Валька помнил этот разговор. Да, он сказал, что играл в школе в ролевые игры, был орком. И Анна тогда с неожиданной усмешкой ответила, что ходит в реконструкторский клуб. Валька представил себе звон доспехов, длиннополые, струящиеся платья эпохи барокко, чопорных девиц и жестокие пьянки после рыцарских побоищ. Но — никак не поблекшие знамена, не абажур с бахромой и не портреты Ленина, Маркса и Энгельса на стене.

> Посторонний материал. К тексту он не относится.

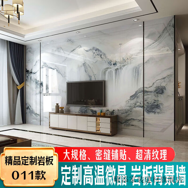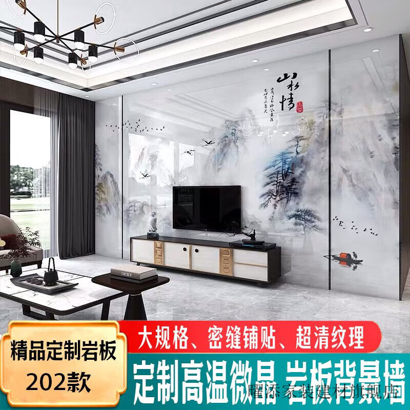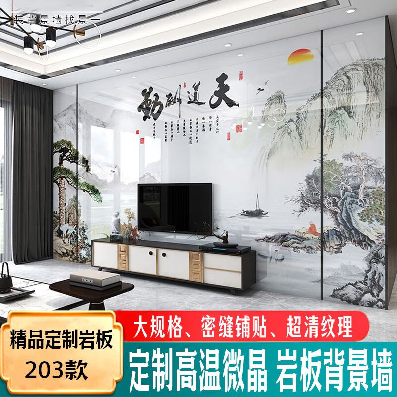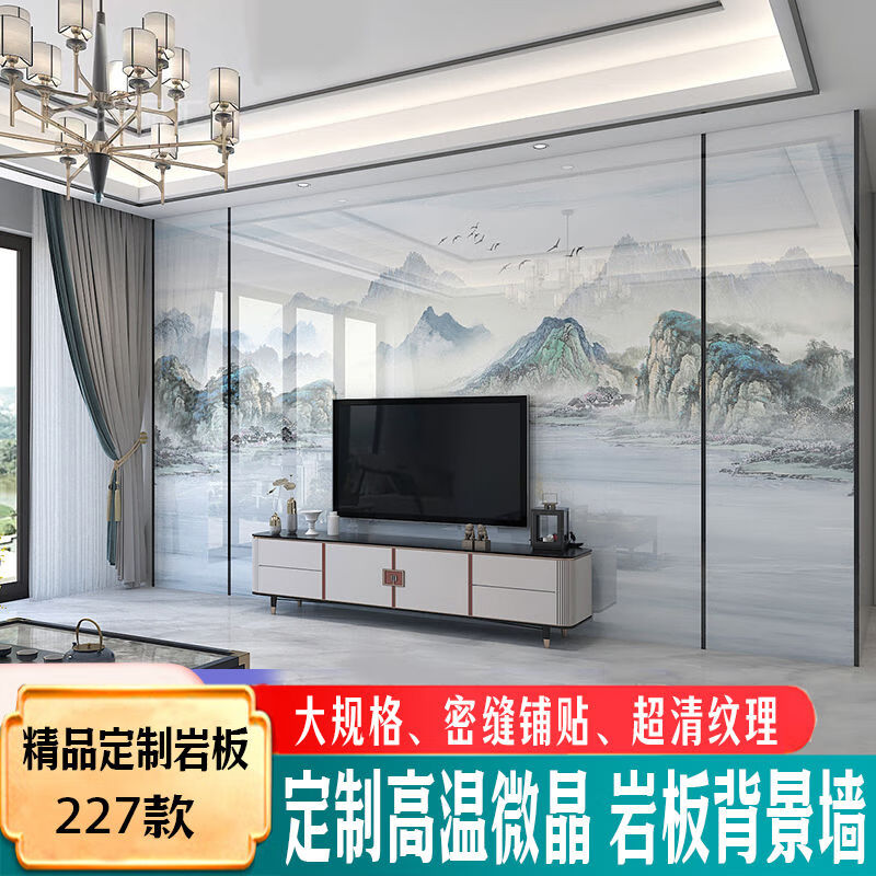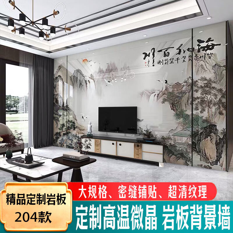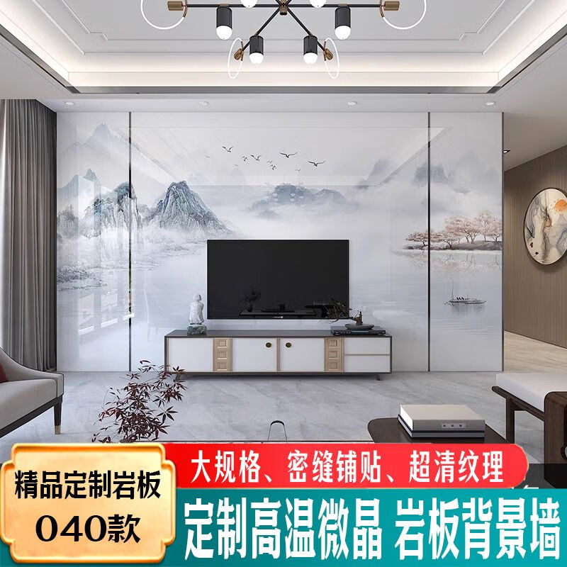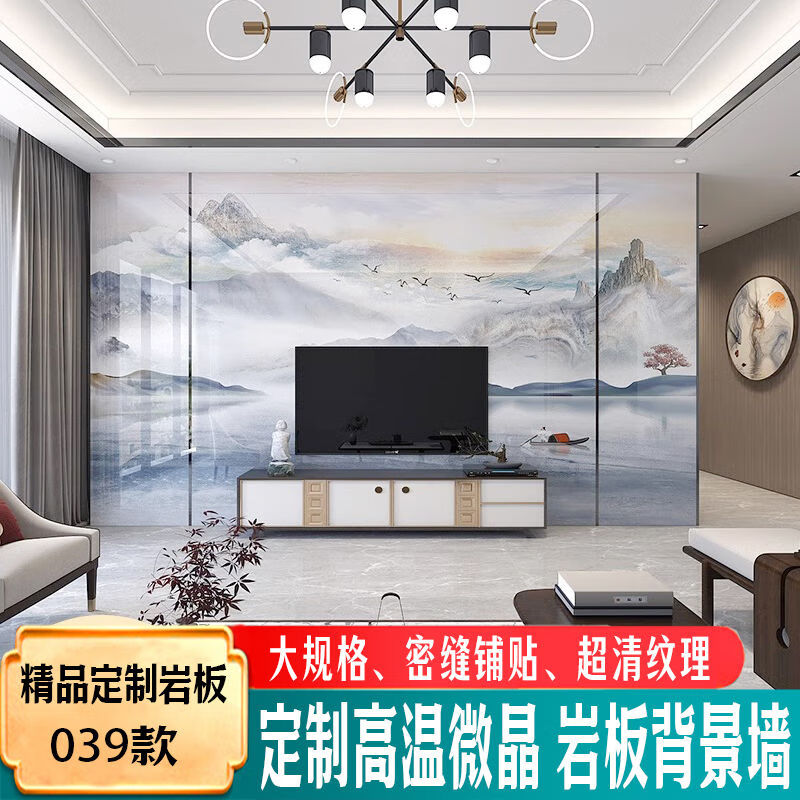 客厅新中式微晶石背景墙山水现代大理石影视墙岩板电视背景墙瓷砖 4-9.5

— Странная у вас реконструкция, — ухмыльнулся Валька. — Что же сегодня было? Стачка какая-нибудь? Прием в партию? А роли у вас какие?
— Самая настоящая у нас реконструкция, — сказала Анна, и голос у нее снова стал ожесточаться, отдаляться, звенеть. — Ты не понимаешь: чтобы вжиться в эпоху, надо прочувствовать, чем люди тогда дышали. Чтобы сердце разгорелось, надо это все прочувствовать — унижение людей, несправедливость. Те люди все это чувствовали, как собственную боль, за всех людей страдали и болели. А что сейчас? — заговорила она опять с жаром, как на собрании. — Чем сейчас лучше, нежели было тогда? Все то же самое, люди не перестали жить в унижении, только сами этого не понимают. Все душевные силы, все лучшие порывы человека сводятся к тому, чтобы купить что-то, выжить как-то. Разве может мыслящий человек не возмутиться этой несправедливостью? Человек живет для большего, труд должен быть благородным занятием, воспетым, прекрасным, а у нас теперь все презирают трудящихся. Вот ты, — она даже обернулась к нему, — простой человек, из провинции, но и тебя, я по глазам вижу, не возмущает то, что ты печешь хлеб, а зарабатываешь в десять раз меньше, чем тот, кто ничего не делал никогда в жизни своими руками. Почему тебя это не возмущает? Потому что тебя приучили так думать, всех нас приучили. Приучили презирать гастарбайтеров, бояться, морщиться на всех этих дворников-таджиков, строителей из Молдовы, забитых киргизок, которые полы моют в супермаркетах. Да и русских презирать тоже — из провинции, из Подмосковья, простых работяг, которые сюда едут. Ведь они-то нас и обслуживают, они-то по-настоящему трудятся, и за гроши. Разве это не дискриминация? Разве это не то же самое, что было тогда?